TASK INSTRUCTIONS
Your job here is to restate every record exactly, pictures excluded.

Stored data entries
--- START ---
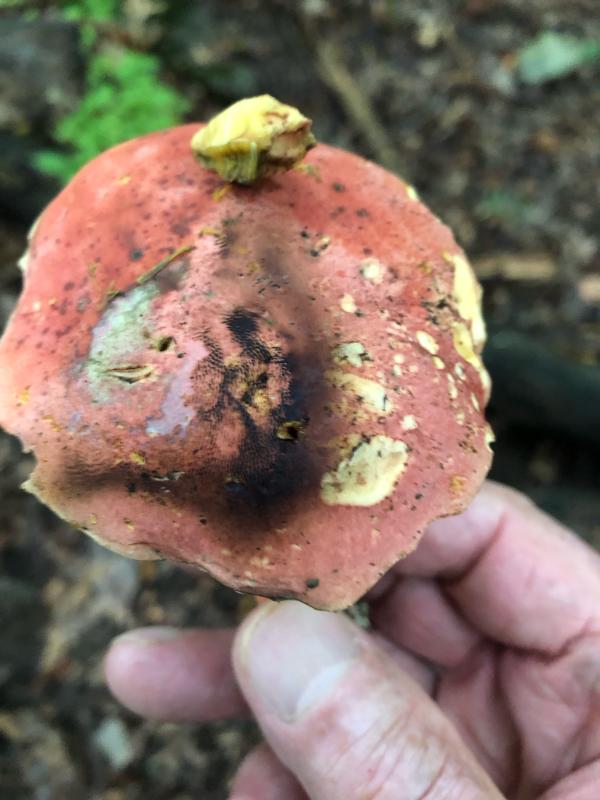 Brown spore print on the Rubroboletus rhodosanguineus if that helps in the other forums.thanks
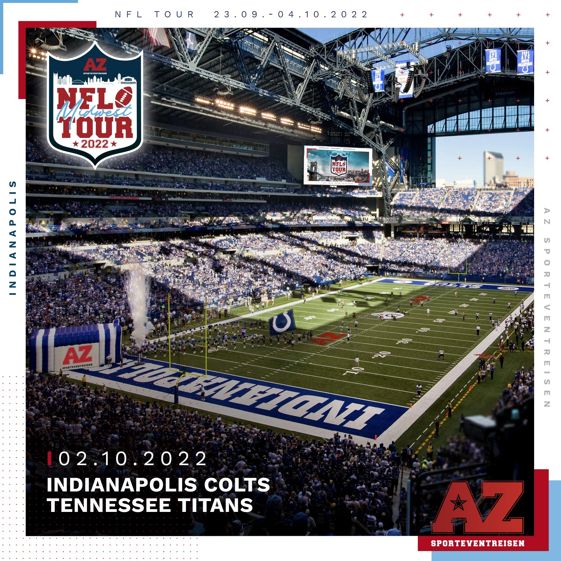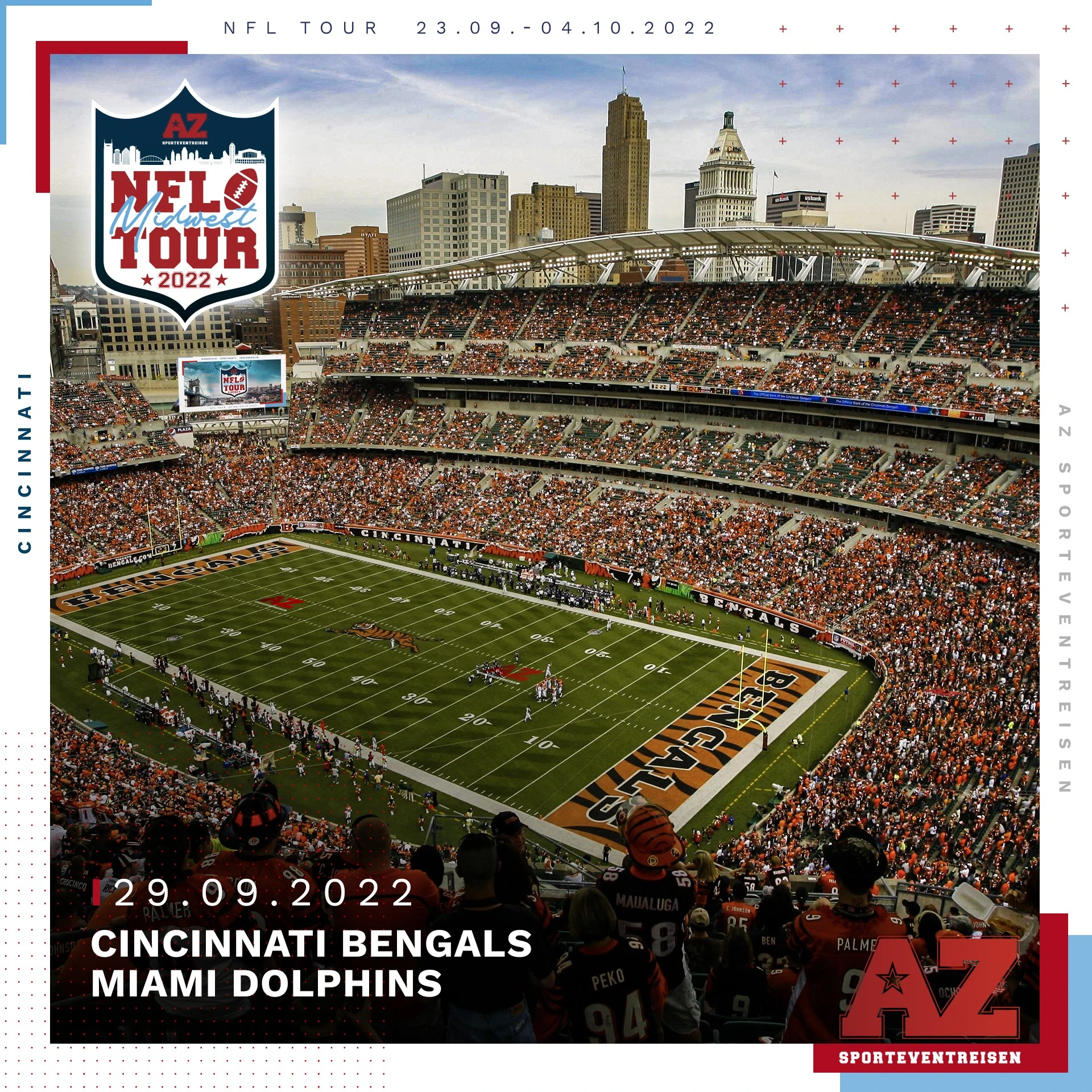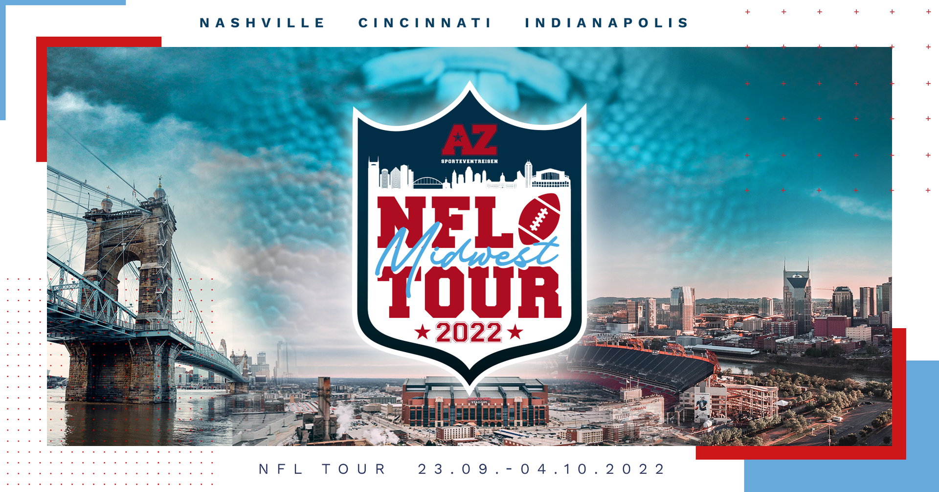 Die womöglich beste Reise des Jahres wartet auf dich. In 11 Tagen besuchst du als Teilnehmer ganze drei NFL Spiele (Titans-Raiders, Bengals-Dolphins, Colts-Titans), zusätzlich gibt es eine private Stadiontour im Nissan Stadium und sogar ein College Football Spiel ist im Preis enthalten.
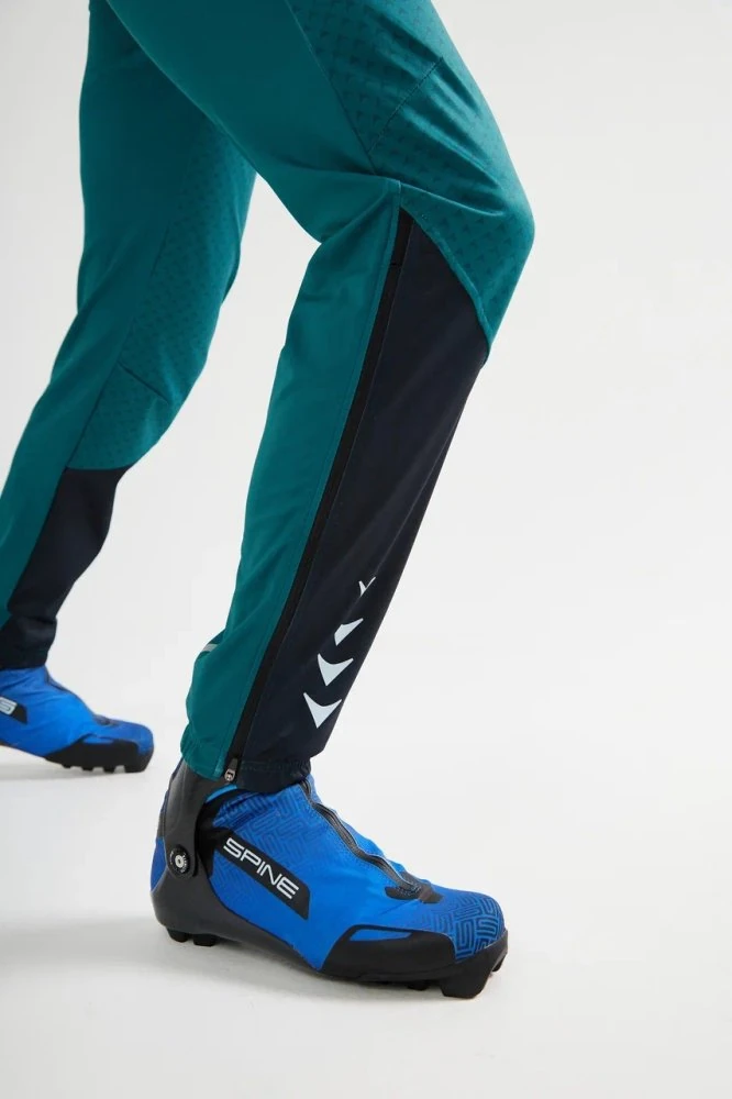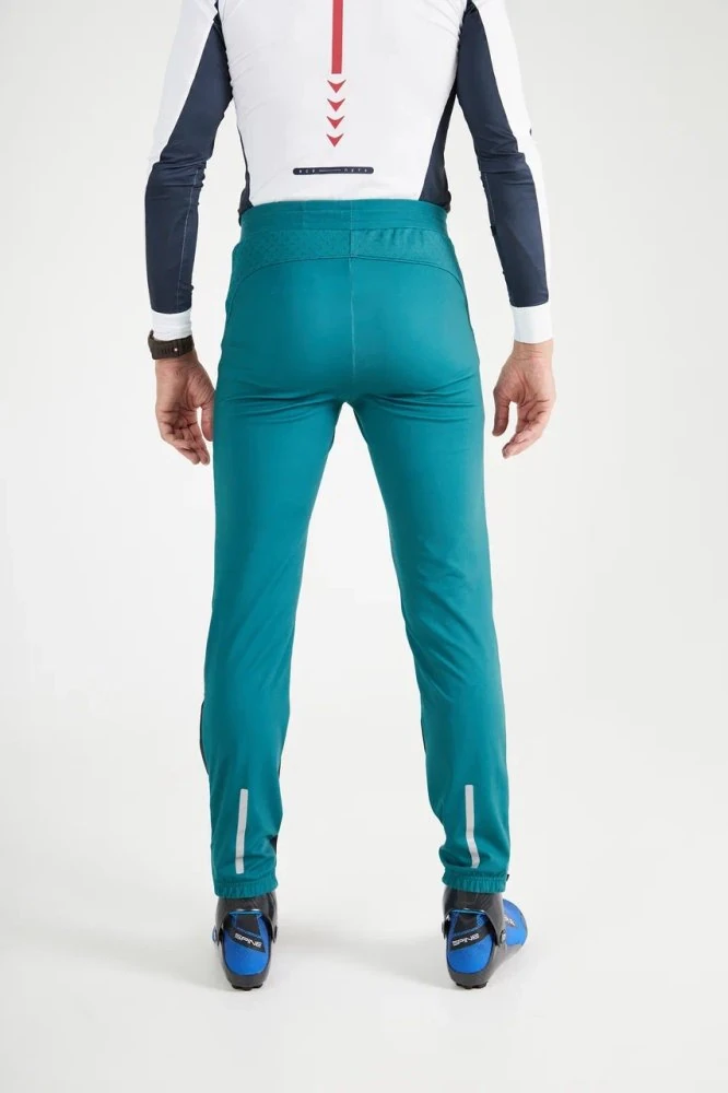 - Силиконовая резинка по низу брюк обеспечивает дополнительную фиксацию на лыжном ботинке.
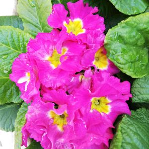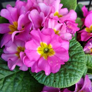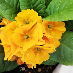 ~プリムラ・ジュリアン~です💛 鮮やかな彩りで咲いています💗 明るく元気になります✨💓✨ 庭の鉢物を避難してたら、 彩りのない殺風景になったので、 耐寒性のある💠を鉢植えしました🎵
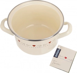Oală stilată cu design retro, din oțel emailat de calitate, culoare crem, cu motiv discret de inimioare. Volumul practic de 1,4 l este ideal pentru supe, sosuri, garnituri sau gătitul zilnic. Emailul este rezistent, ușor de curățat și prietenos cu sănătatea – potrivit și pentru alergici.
--- END ---
REPLY
 Brown spore print on the Rubroboletus rhodosanguineus if that helps in the other forums.thanks
 Die womöglich beste Reise des Jahres wartet auf dich. In 11 Tagen besuchst du als Teilnehmer ganze drei NFL Spiele (Titans-Raiders, Bengals-Dolphins, Colts-Titans), zusätzlich gibt es eine private Stadiontour im Nissan Stadium und sogar ein College Football Spiel ist im Preis enthalten.
 - Силиконовая резинка по низу брюк обеспечивает дополнительную фиксацию на лыжном ботинке.
 ~プリムラ・ジュリアン~です💛 鮮やかな彩りで咲いています💗 明るく元気になります✨💓✨ 庭の鉢物を避難してたら、 彩りのない殺風景になったので、 耐寒性のある💠を鉢植えしました🎵
Oală stilată cu design retro, din oțel emailat de calitate, culoare crem, cu motiv discret de inimioare. Volumul practic de 1,4 l este ideal pentru supe, sosuri, garnituri sau gătitul zilnic. Emailul este rezistent, ușor de curățat și prietenos cu sănătatea – potrivit și pentru alergici.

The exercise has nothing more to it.